» **WHAT YOU NEED TO DO**
Exactly reproduce the line containing "Saturday evening, after" and all later lines to the end of the entries, leaving the pictures out of your copy.

Source records:
########################################

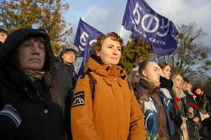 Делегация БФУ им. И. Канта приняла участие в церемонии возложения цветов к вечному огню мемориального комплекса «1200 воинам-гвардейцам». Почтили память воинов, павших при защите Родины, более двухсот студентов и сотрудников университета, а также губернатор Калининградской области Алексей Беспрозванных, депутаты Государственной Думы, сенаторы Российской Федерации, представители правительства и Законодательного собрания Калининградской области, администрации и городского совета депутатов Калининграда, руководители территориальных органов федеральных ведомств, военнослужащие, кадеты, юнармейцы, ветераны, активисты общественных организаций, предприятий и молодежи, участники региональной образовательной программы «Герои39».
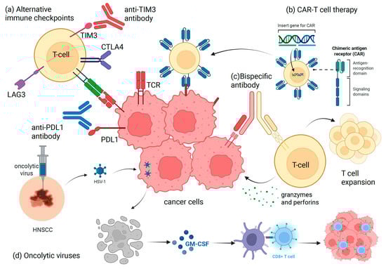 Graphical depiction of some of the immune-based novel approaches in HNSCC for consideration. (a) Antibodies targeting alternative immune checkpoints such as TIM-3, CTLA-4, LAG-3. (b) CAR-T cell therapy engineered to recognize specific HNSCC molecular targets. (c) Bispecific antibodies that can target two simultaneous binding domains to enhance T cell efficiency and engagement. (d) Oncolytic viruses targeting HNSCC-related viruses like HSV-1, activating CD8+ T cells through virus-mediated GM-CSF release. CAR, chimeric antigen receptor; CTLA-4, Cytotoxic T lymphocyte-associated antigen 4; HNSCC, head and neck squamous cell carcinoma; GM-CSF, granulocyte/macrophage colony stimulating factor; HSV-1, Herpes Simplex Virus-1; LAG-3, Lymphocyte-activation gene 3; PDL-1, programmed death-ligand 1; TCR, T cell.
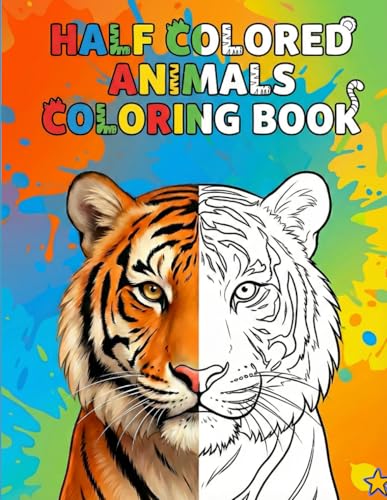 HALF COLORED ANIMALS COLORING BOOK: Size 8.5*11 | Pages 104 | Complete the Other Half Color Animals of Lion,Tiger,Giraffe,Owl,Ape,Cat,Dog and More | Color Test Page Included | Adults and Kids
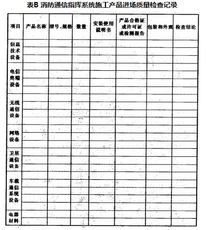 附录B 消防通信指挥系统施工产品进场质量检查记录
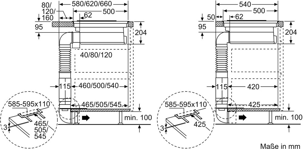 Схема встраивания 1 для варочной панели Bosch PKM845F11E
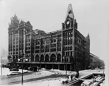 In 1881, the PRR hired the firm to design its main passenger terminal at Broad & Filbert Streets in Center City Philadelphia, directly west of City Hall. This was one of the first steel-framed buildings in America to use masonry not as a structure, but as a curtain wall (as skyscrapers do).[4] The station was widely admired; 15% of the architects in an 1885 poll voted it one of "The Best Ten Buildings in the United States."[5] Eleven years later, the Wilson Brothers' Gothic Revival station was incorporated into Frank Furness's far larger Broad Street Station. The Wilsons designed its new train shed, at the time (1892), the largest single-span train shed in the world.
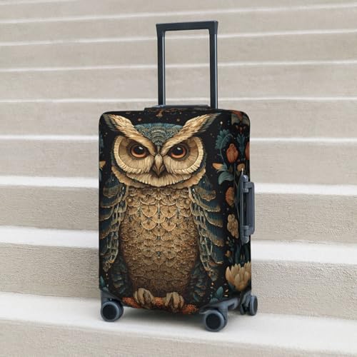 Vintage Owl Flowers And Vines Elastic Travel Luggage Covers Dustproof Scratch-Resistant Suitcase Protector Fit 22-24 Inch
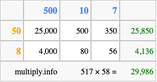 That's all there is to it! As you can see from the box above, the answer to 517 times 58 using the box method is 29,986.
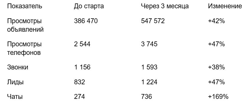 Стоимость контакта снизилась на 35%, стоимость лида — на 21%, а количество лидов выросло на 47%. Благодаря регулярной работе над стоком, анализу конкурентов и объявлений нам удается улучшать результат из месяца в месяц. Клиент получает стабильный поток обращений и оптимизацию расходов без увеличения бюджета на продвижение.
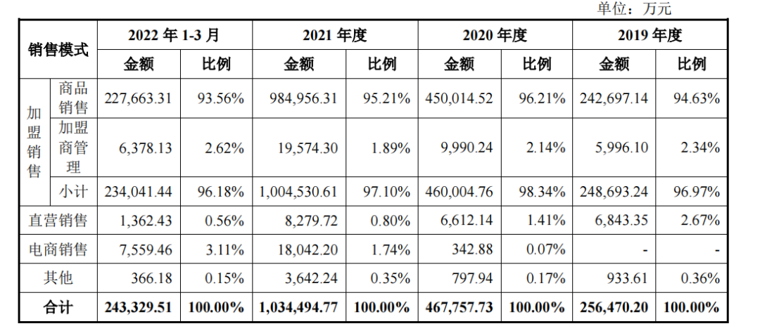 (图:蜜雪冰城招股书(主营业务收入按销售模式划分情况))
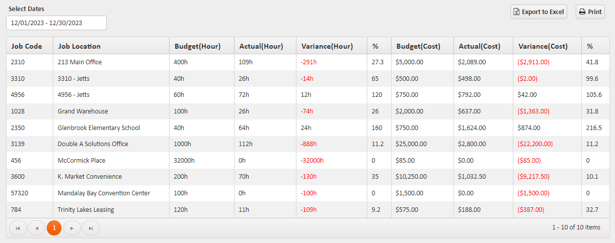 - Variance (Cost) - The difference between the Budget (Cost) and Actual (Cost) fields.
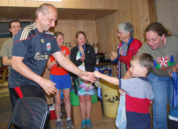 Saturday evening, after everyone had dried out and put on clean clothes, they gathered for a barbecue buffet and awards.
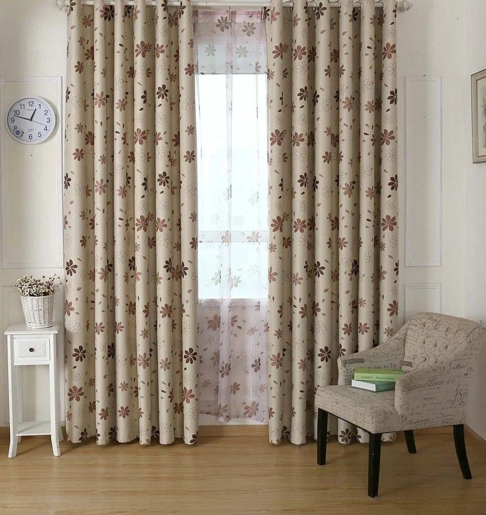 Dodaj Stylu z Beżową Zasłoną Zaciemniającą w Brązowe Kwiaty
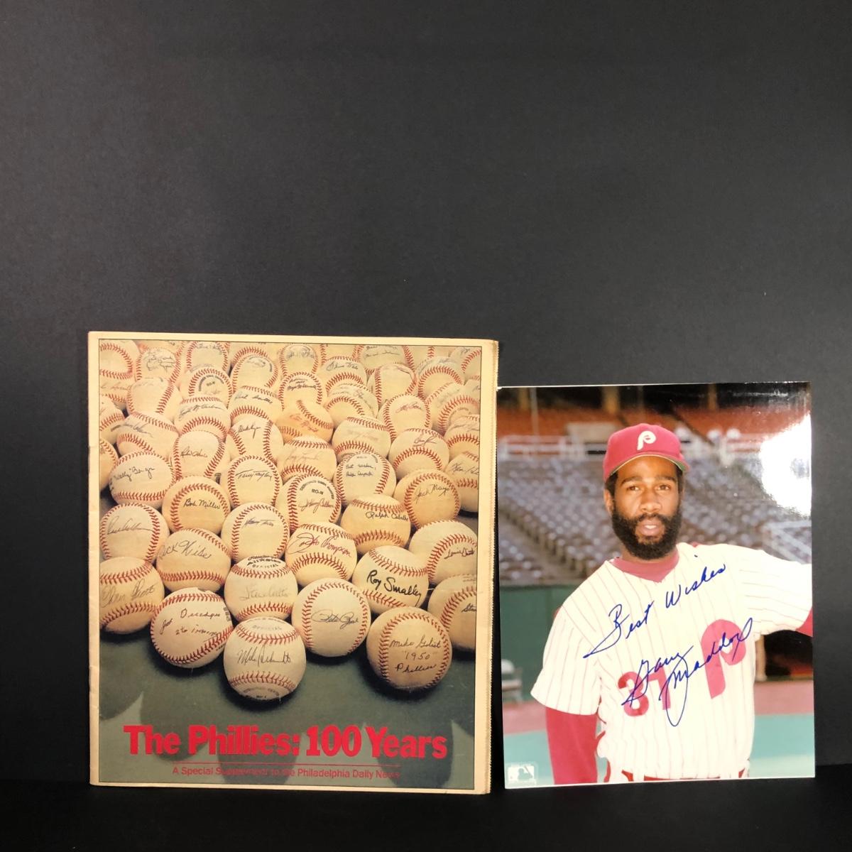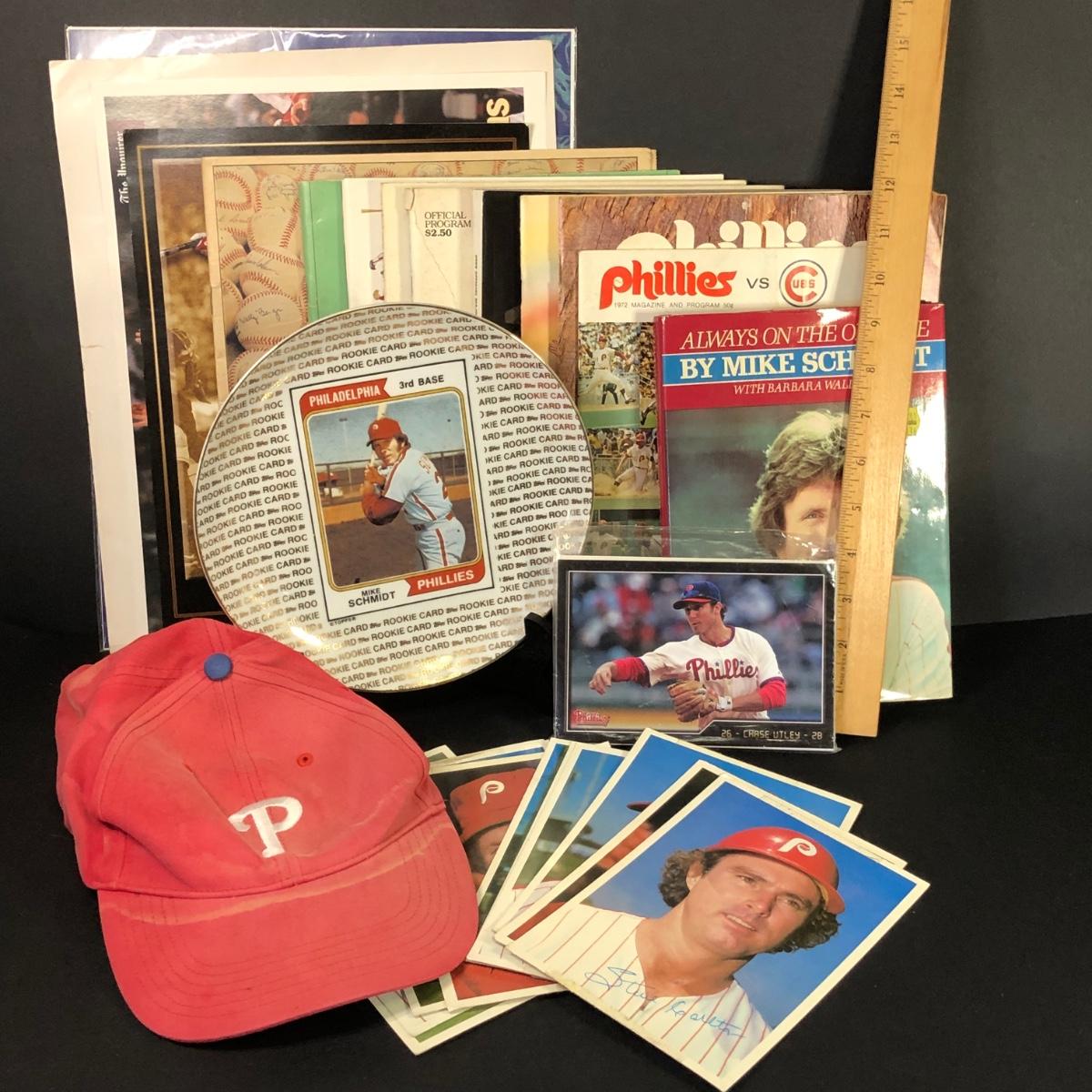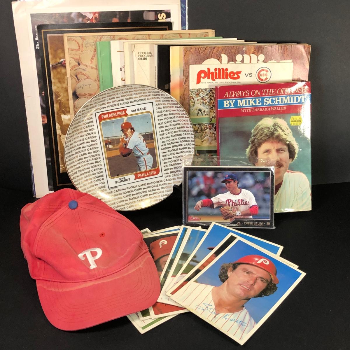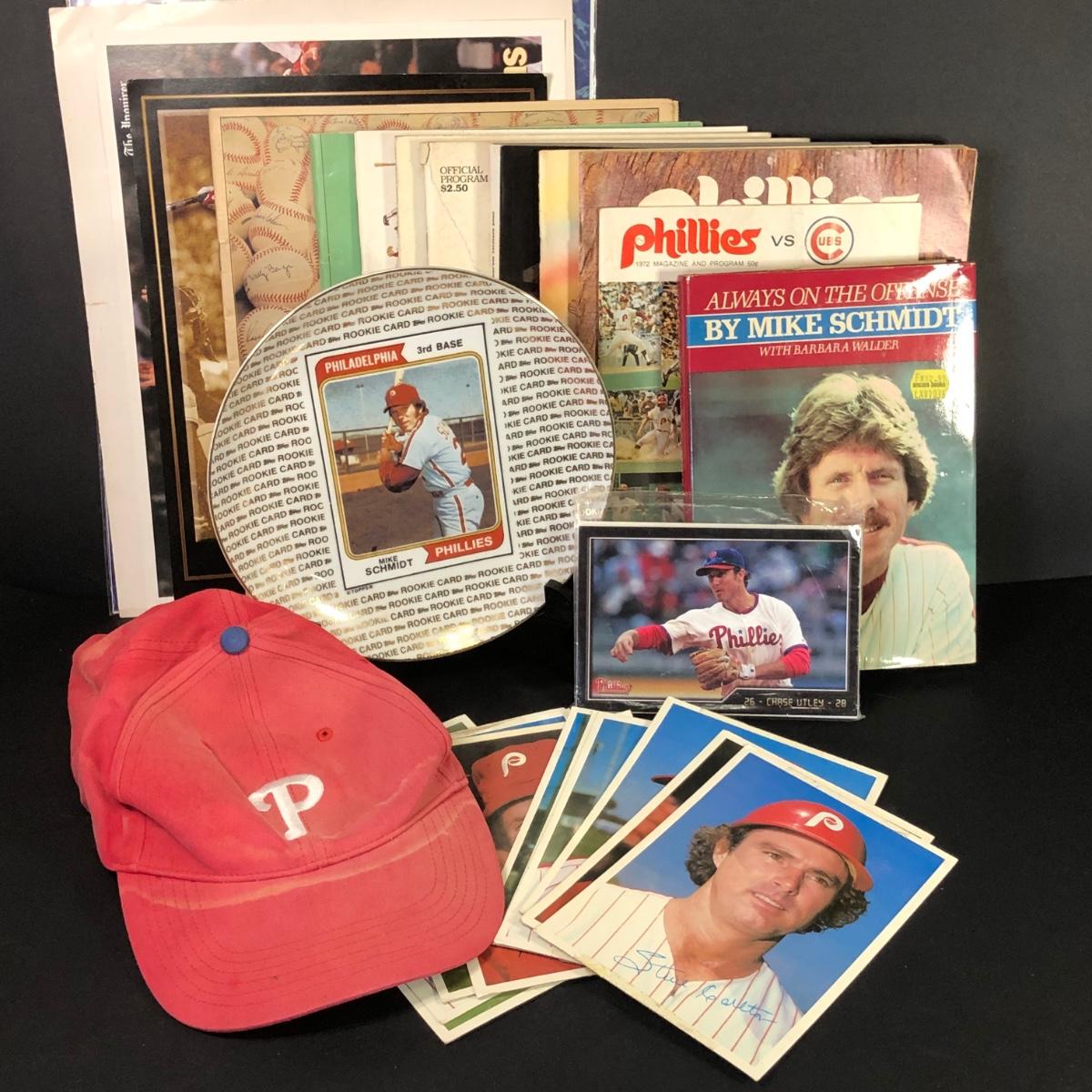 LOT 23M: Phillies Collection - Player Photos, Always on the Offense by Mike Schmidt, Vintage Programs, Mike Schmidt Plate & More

########################################

» **ANSWER FOR THIS EXERCISE**
 Saturday evening, after everyone had dried out and put on clean clothes, they gathered for a barbecue buffet and awards.
 Dodaj Stylu z Beżową Zasłoną Zaciemniającą w Brązowe Kwiaty
 LOT 23M: Phillies Collection - Player Photos, Always on the Offense by Mike Schmidt, Vintage Programs, Mike Schmidt Plate & More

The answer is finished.